Feb. 14, 2009 at 5:04 PM

After trying everything else I'm willing to do therapy (if we can figure out a schedule).  Whatever because I can't live like this any more.  Her attitude effects everyone and then I get depressed and that brings everyone down.

She just left to go to her friend's house a few minutes ago and it was like there was a collective sigh in the house when the door closed.  It is just sad.

She does think I hate her.  She tells me that all the time.  She thinks I'm mean to her on purpose and that I do things to get her into trouble.  If she is late, if she messes up, if she doesn't clean her room, etc, it is ALWAYS my fault.  She has absolutely no sense of self-responsibility.  It can never possibly be her fault that she can't do something.

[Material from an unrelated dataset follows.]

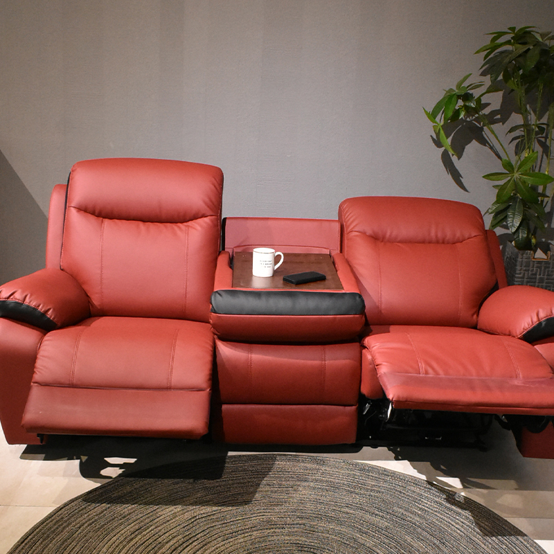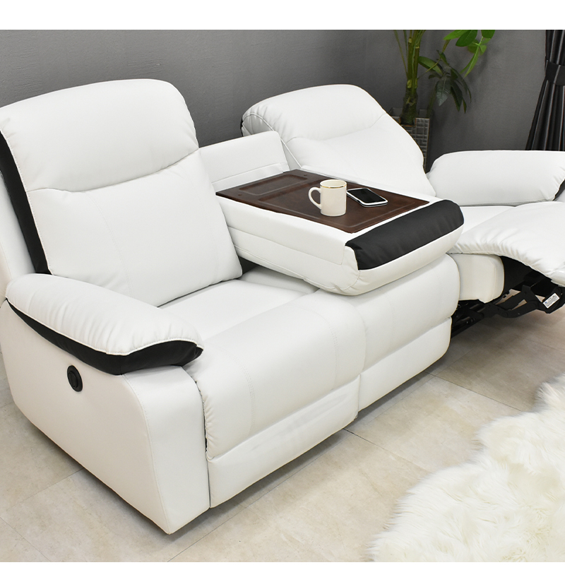 ・左右独立電動リクライニングソファ ・中央を倒すとテーブルとして活用できます ・ソフトレザーを使用しているので肌触りがいいです ・連結部があるので安定感あり ・置くだけでおしゃれな空間に |
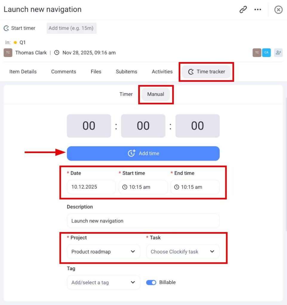 Track time directly from an item/subitem #

As for the room cleaning.  We have tried it both ways.  I used to offer to help them (the 3 older ones share a room) clean their room but that always ended in her picking up one thing at a time then wandering around the room for 5 mintues before putting it away while I did the bulk of the work.  If I took a break she automatically stops until I come back.  In the end I did all the work and she would pick up 3 or 4 things and then complain when ever one stopped "helping" her because we were fed up with doing all the work.  So I quit helping them.  Half the time she would just wander off and go watch TV while I was busy cleaning up her messes.

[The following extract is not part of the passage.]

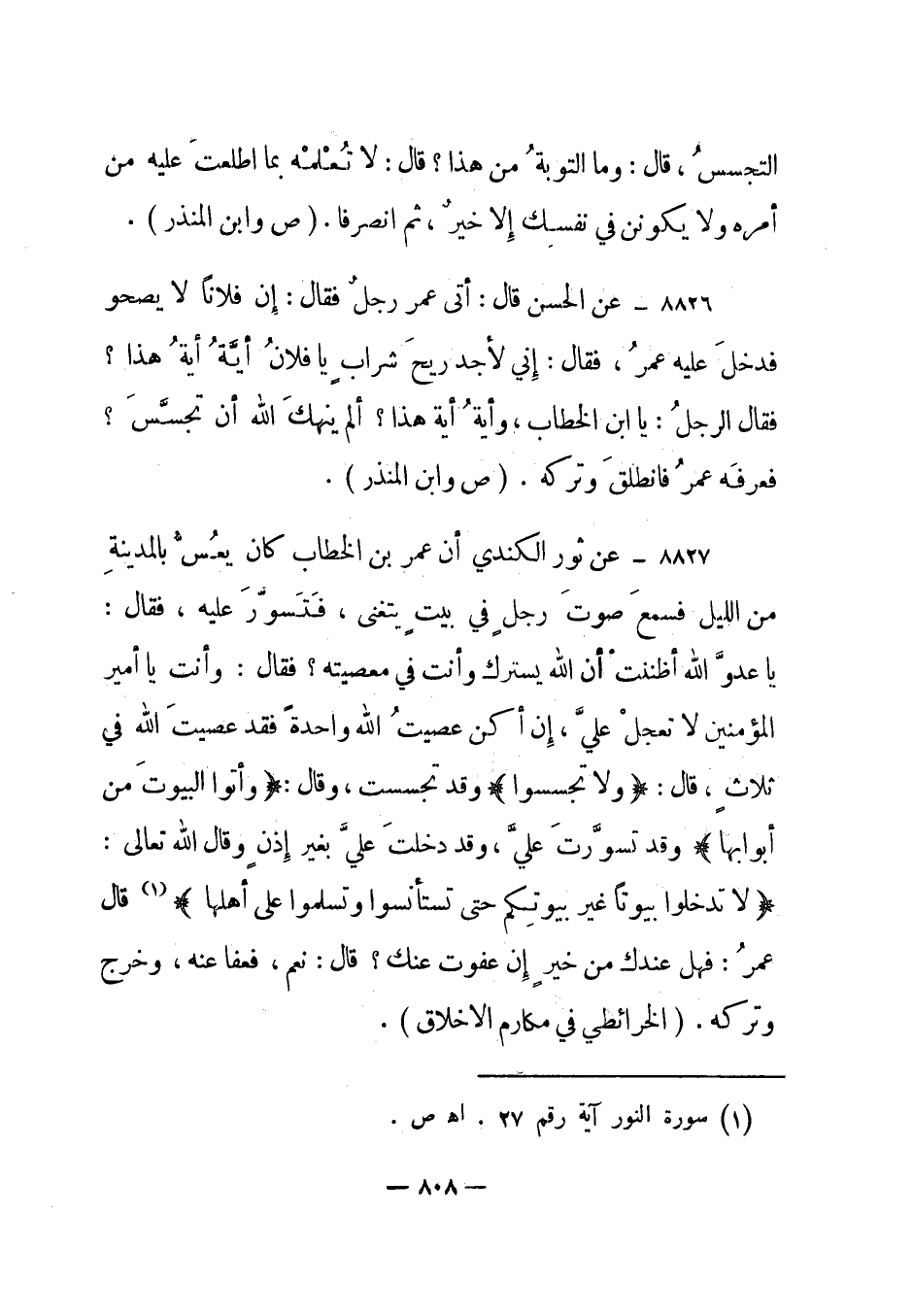 8827- عن ثور الكندي أن عمر بن الخطاب كان يعس بالمدينة من الليل فسمع صوت رجل في بيت يتغنى، فتسور عليه، فقال: يا عدو الله أظننت أن الله يسترك وأنت في معصيته؟ فقال: وأنت يا أمير المؤمنين لا تعجل علي، إن أكن عصيت الله واحدة فقد عصيت الله في ثلاث، قال: {وَلا تَجَسَّسُوا} وقد تجسست، وقال: {وَأْتُوا الْبُيُوتَ مِنْ أَبْوَابِهَا} وقد تسورت علي، وقد دخلت علي بغير إذن وقال الله تعالى: {لا تَدْخُلُوا بُيُوتاً غَيْرَ بُيُوتِكُمْ حَتَّى تَسْتَأْنِسُوا وَتُسَلِّمُوا عَلَى أَهْلِهَا} 1. قال عمر: فهل عندك من خير إن عفوت عنك؟ قال: نعم، فعفا عنه، وخرج وتركه. الخرائطي في مكارم الأخلاق.

I believe she is perfectly capable of cleaning her room on her own.  Like I said, my 2yo cleaned her room by herself the other day.  She put everything where it belonged.  My 6yo and 7yo can clean the room (when they put their minds to it--they do a much better job when Meagan isn't around because they feed off her negativity).

We're all just fed up with her.  My dad thinks she acts like a 2yo and is refusing to allow her into his room (which used to be THE place to be because Papa lets them watch TV all day and drink Pepsi and what not).  After she threw a fit on Wed. and we had to leave for school without her so the other kids wouldn't be late my dad told her she better shape up because she wasn't acting like an 8yo (he was pissed because she was so loud it woke him up).  She was then mad at everyone and on the way to school told me it was my fault she was late because I didn't wait for her.  I gave her 10 extra minutes to get ready and she just pitched her fit and told me she was purposefully going slow so we would all be late and then was pissed that I actually left without her (which I have threatened to do before).

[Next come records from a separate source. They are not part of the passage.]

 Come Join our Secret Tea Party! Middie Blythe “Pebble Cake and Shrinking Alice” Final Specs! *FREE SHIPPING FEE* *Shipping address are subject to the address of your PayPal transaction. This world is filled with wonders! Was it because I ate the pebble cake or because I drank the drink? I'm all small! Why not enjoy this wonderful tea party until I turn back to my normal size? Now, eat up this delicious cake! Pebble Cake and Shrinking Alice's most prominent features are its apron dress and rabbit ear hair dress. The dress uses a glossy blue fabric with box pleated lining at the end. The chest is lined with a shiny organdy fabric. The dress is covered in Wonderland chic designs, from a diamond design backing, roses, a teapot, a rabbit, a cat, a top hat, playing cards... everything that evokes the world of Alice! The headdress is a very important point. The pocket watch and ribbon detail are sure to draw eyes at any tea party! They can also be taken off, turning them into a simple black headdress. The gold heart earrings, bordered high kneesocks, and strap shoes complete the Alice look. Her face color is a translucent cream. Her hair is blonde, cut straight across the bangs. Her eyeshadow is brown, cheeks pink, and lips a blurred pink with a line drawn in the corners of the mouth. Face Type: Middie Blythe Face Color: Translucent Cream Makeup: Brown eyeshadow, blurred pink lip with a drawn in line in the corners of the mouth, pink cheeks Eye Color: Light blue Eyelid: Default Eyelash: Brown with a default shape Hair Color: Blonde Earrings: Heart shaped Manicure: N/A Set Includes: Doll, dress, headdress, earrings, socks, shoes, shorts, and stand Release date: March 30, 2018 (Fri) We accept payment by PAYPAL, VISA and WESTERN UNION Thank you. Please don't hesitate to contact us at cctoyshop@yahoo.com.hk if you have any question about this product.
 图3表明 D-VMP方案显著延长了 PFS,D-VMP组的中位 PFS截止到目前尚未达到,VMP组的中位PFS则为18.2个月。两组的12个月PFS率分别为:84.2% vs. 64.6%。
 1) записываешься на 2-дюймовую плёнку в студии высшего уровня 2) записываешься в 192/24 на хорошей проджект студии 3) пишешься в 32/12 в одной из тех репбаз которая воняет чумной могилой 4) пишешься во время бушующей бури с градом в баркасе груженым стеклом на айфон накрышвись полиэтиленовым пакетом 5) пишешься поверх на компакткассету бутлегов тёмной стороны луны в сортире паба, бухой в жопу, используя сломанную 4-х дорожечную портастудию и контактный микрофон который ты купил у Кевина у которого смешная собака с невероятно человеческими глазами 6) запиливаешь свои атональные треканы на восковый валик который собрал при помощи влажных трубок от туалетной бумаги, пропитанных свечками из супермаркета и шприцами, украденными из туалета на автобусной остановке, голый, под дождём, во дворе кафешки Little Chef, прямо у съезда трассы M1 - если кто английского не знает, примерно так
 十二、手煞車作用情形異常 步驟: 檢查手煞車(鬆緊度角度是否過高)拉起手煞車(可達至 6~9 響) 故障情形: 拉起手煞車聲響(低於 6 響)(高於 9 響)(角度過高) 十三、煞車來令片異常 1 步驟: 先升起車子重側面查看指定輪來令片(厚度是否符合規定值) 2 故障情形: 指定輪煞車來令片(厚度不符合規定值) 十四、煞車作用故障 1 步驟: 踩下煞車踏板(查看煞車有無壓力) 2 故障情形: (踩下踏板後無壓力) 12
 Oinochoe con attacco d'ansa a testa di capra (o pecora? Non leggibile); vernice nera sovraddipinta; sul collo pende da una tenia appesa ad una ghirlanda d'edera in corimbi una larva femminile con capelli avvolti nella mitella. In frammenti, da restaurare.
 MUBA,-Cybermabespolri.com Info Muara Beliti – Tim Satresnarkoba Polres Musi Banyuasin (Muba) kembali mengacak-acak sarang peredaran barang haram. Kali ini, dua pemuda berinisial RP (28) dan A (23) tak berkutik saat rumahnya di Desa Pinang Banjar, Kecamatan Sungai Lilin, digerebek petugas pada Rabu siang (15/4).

I'm just glad she's gone for the weekend.  I need a break.  The other kids seem glad she's gone, too.  It's already quieter here and Owen and Brenna are playing happily together, Nora is taking a nap.  I think I'll look into finding a therapist close by.

I'm terrified of how she is going to be as a teenager because she is so bad now.  If I didn't know she was only 8 I would think she was PMSing or something.  Her mood swings are ridiculous.  One minute she is an angel and helpful and then seconds later (usually after I ask her to do something she doesn't want to do...it could be as simple as "put your shoes in the cubby by the door") she will flip out and be screaming that she hates me and everyone hates her.  It's insane.